Task objective
Retype the listing found below exactly, but leave out each picture.
···
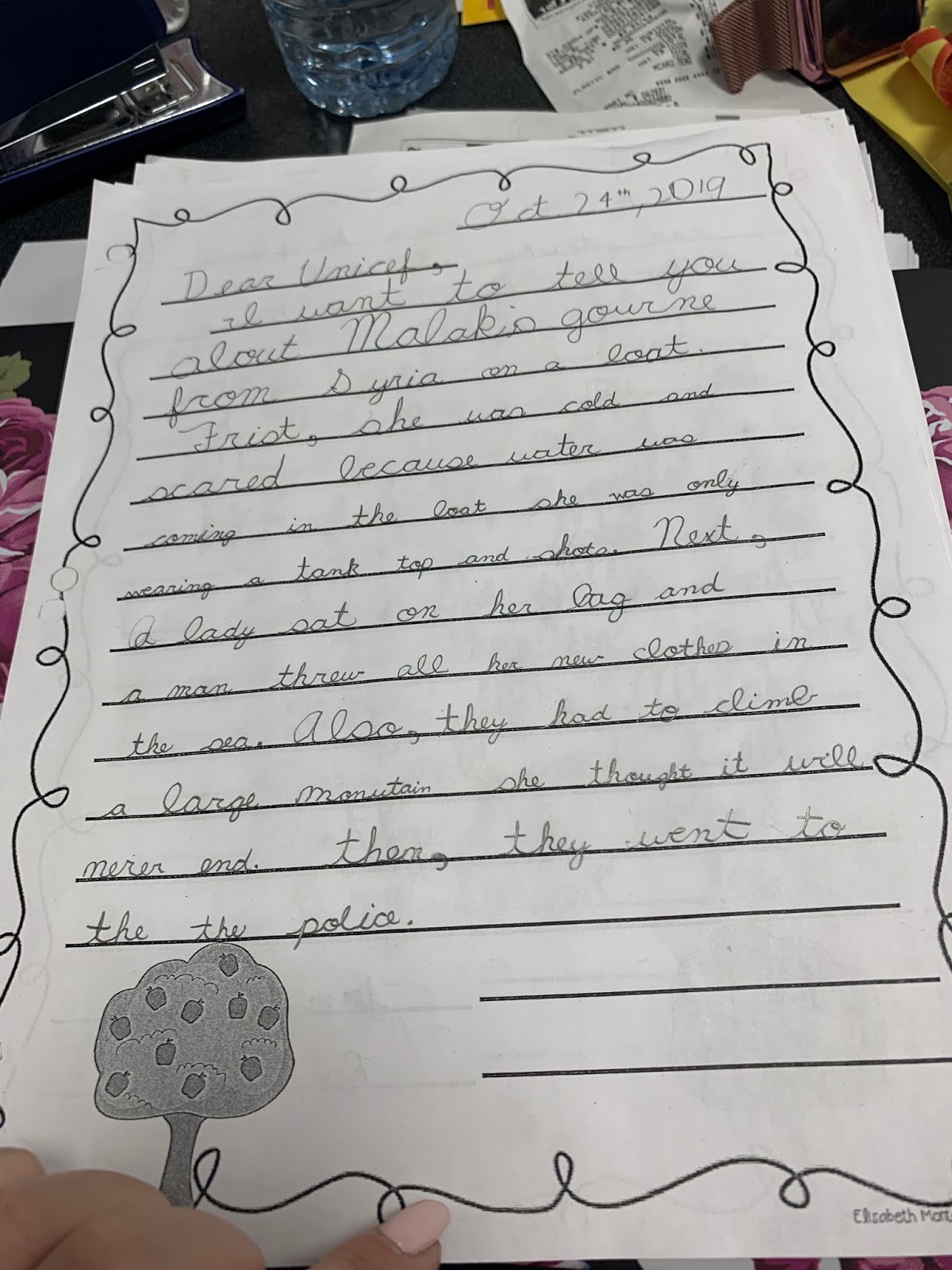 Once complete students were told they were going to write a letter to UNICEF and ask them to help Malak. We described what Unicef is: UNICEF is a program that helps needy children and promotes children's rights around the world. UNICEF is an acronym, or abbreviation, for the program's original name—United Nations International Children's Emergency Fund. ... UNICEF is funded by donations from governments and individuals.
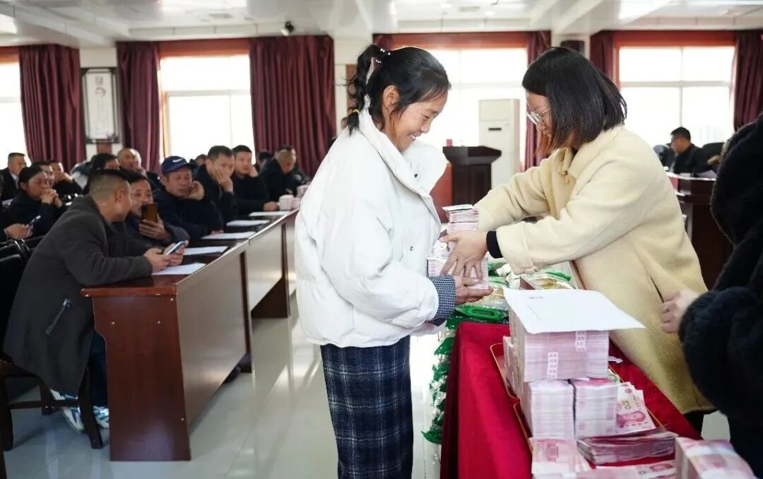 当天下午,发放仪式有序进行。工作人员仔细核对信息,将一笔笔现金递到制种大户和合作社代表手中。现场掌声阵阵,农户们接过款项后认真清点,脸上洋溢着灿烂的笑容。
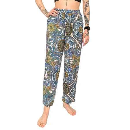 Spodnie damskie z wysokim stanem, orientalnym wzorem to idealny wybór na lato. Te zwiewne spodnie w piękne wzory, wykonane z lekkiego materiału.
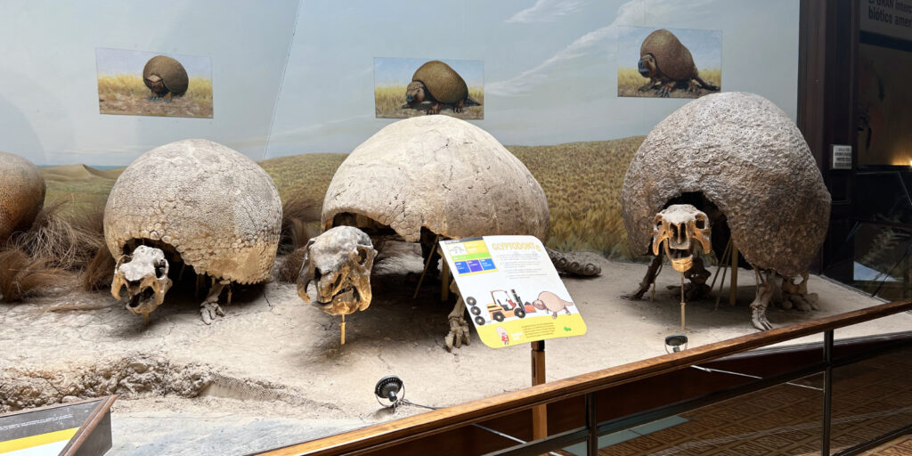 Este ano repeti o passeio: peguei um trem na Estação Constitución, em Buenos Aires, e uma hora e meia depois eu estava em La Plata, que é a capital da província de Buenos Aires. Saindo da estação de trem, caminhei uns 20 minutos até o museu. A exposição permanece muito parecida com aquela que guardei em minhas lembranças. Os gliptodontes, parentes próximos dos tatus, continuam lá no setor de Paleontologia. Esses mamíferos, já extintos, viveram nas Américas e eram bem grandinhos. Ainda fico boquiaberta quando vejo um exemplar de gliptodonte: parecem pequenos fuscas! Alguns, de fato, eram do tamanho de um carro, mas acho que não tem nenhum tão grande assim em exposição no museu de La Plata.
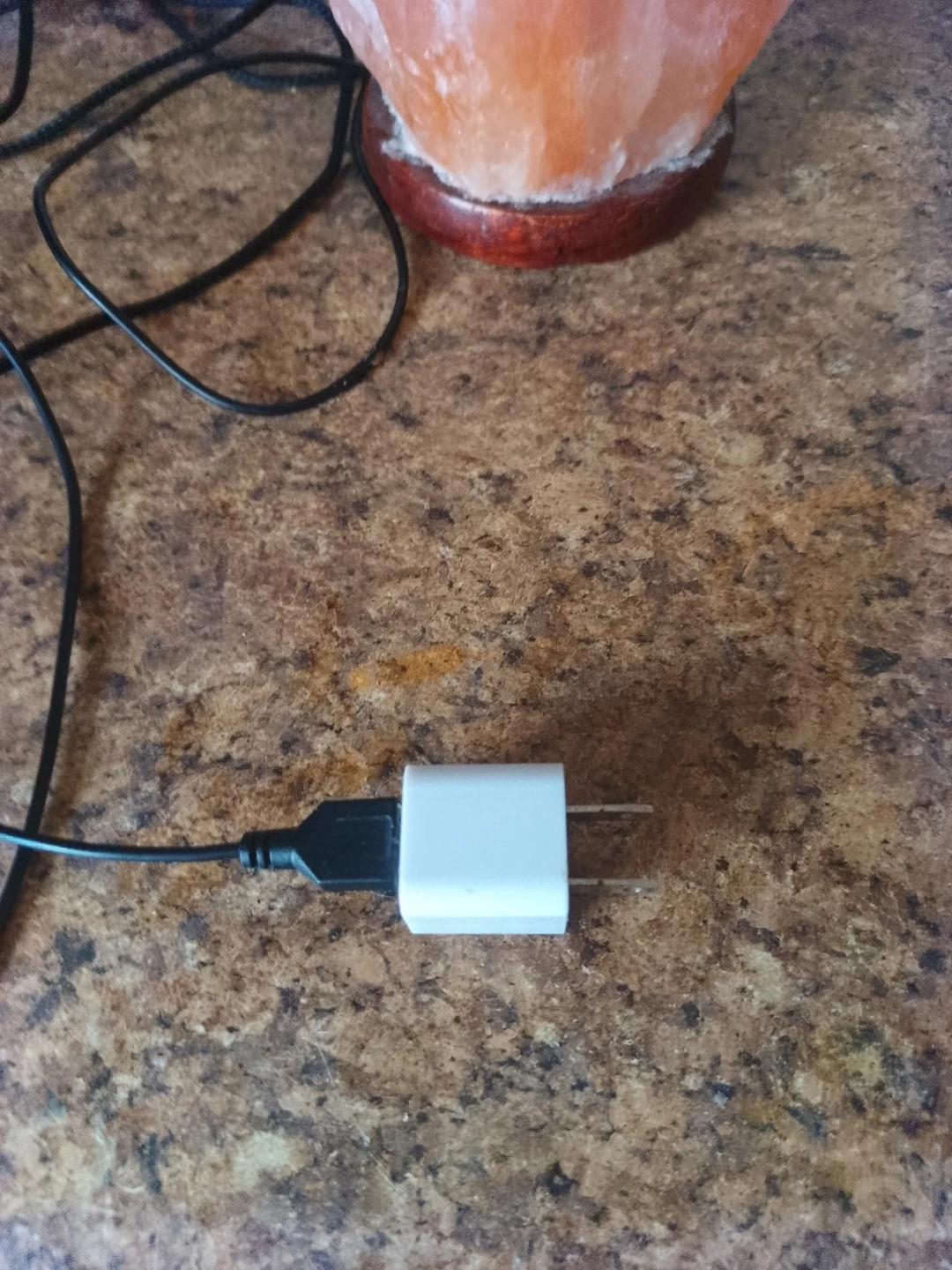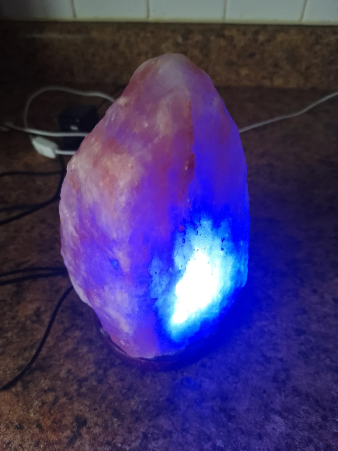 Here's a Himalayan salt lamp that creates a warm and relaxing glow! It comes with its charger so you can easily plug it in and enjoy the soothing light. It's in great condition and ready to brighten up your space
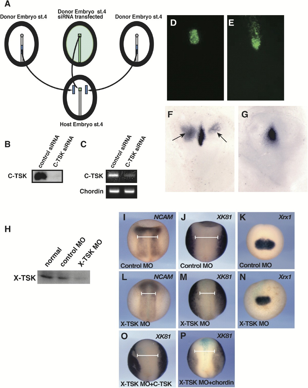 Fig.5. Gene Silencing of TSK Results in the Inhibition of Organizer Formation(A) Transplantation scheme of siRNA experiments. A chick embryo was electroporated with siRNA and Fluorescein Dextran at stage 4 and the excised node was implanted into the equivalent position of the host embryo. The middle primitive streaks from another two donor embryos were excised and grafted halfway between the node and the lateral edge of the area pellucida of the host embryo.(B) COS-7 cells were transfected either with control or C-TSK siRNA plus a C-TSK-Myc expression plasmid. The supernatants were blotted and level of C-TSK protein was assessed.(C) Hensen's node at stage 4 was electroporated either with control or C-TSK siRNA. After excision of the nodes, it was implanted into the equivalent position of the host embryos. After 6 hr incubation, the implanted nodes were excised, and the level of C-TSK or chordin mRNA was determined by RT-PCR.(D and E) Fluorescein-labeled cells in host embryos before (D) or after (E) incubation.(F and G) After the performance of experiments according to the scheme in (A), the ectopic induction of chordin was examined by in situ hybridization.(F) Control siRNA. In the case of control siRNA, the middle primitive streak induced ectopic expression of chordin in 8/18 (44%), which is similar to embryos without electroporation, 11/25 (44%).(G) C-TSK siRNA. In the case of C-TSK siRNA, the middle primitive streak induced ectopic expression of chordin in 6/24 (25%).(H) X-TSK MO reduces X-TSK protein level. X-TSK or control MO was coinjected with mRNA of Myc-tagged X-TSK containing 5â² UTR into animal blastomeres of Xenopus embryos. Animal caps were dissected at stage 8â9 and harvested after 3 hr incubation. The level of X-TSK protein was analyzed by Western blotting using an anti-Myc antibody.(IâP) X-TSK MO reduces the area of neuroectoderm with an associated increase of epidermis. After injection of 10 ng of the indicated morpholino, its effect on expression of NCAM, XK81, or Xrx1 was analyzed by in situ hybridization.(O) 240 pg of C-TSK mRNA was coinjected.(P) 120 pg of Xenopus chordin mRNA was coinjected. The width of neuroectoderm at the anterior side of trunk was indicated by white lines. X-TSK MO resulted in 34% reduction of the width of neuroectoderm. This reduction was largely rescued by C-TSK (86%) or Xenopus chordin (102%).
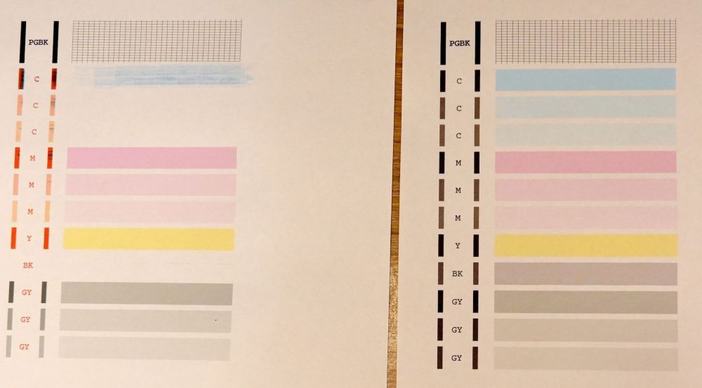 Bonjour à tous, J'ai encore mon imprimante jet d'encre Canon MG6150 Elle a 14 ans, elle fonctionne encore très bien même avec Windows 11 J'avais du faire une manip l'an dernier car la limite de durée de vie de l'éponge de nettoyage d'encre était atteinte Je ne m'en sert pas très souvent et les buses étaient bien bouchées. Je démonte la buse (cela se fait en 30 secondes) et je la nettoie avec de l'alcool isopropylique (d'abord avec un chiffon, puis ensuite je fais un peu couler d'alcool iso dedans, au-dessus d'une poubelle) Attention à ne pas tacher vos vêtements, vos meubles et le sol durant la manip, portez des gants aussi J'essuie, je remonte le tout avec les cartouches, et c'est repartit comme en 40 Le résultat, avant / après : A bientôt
···
Answer space
 Once complete students were told they were going to write a letter to UNICEF and ask them to help Malak. We described what Unicef is: UNICEF is a program that helps needy children and promotes children's rights around the world. UNICEF is an acronym, or abbreviation, for the program's original name—United Nations International Children's Emergency Fund. ... UNICEF is funded by donations from governments and individuals.
 当天下午,发放仪式有序进行。工作人员仔细核对信息,将一笔笔现金递到制种大户和合作社代表手中。现场掌声阵阵,农户们接过款项后认真清点,脸上洋溢着灿烂的笑容。
 Spodnie damskie z wysokim stanem, orientalnym wzorem to idealny wybór na lato. Te zwiewne spodnie w piękne wzory, wykonane z lekkiego materiału.
 Este ano repeti o passeio: peguei um trem na Estação Constitución, em Buenos Aires, e uma hora e meia depois eu estava em La Plata, que é a capital da província de Buenos Aires. Saindo da estação de trem, caminhei uns 20 minutos até o museu. A exposição permanece muito parecida com aquela que guardei em minhas lembranças. Os gliptodontes, parentes próximos dos tatus, continuam lá no setor de Paleontologia. Esses mamíferos, já extintos, viveram nas Américas e eram bem grandinhos. Ainda fico boquiaberta quando vejo um exemplar de gliptodonte: parecem pequenos fuscas! Alguns, de fato, eram do tamanho de um carro, mas acho que não tem nenhum tão grande assim em exposição no museu de La Plata.
 Here's a Himalayan salt lamp that creates a warm and relaxing glow! It comes with its charger so you can easily plug it in and enjoy the soothing light. It's in great condition and ready to brighten up your space
 Fig.5. Gene Silencing of TSK Results in the Inhibition of Organizer Formation(A) Transplantation scheme of siRNA experiments. A chick embryo was electroporated with siRNA and Fluorescein Dextran at stage 4 and the excised node was implanted into the equivalent position of the host embryo. The middle primitive streaks from another two donor embryos were excised and grafted halfway between the node and the lateral edge of the area pellucida of the host embryo.(B) COS-7 cells were transfected either with control or C-TSK siRNA plus a C-TSK-Myc expression plasmid. The supernatants were blotted and level of C-TSK protein was assessed.(C) Hensen's node at stage 4 was electroporated either with control or C-TSK siRNA. After excision of the nodes, it was implanted into the equivalent position of the host embryos. After 6 hr incubation, the implanted nodes were excised, and the level of C-TSK or chordin mRNA was determined by RT-PCR.(D and E) Fluorescein-labeled cells in host embryos before (D) or after (E) incubation.(F and G) After the performance of experiments according to the scheme in (A), the ectopic induction of chordin was examined by in situ hybridization.(F) Control siRNA. In the case of control siRNA, the middle primitive streak induced ectopic expression of chordin in 8/18 (44%), which is similar to embryos without electroporation, 11/25 (44%).(G) C-TSK siRNA. In the case of C-TSK siRNA, the middle primitive streak induced ectopic expression of chordin in 6/24 (25%).(H) X-TSK MO reduces X-TSK protein level. X-TSK or control MO was coinjected with mRNA of Myc-tagged X-TSK containing 5â² UTR into animal blastomeres of Xenopus embryos. Animal caps were dissected at stage 8â9 and harvested after 3 hr incubation. The level of X-TSK protein was analyzed by Western blotting using an anti-Myc antibody.(IâP) X-TSK MO reduces the area of neuroectoderm with an associated increase of epidermis. After injection of 10 ng of the indicated morpholino, its effect on expression of NCAM, XK81, or Xrx1 was analyzed by in situ hybridization.(O) 240 pg of C-TSK mRNA was coinjected.(P) 120 pg of Xenopus chordin mRNA was coinjected. The width of neuroectoderm at the anterior side of trunk was indicated by white lines. X-TSK MO resulted in 34% reduction of the width of neuroectoderm. This reduction was largely rescued by C-TSK (86%) or Xenopus chordin (102%).
 Bonjour à tous, J'ai encore mon imprimante jet d'encre Canon MG6150 Elle a 14 ans, elle fonctionne encore très bien même avec Windows 11 J'avais du faire une manip l'an dernier car la limite de durée de vie de l'éponge de nettoyage d'encre était atteinte Je ne m'en sert pas très souvent et les buses étaient bien bouchées. Je démonte la buse (cela se fait en 30 secondes) et je la nettoie avec de l'alcool isopropylique (d'abord avec un chiffon, puis ensuite je fais un peu couler d'alcool iso dedans, au-dessus d'une poubelle) Attention à ne pas tacher vos vêtements, vos meubles et le sol durant la manip, portez des gants aussi J'essuie, je remonte le tout avec les cartouches, et c'est repartit comme en 40 Le résultat, avant / après : A bientôt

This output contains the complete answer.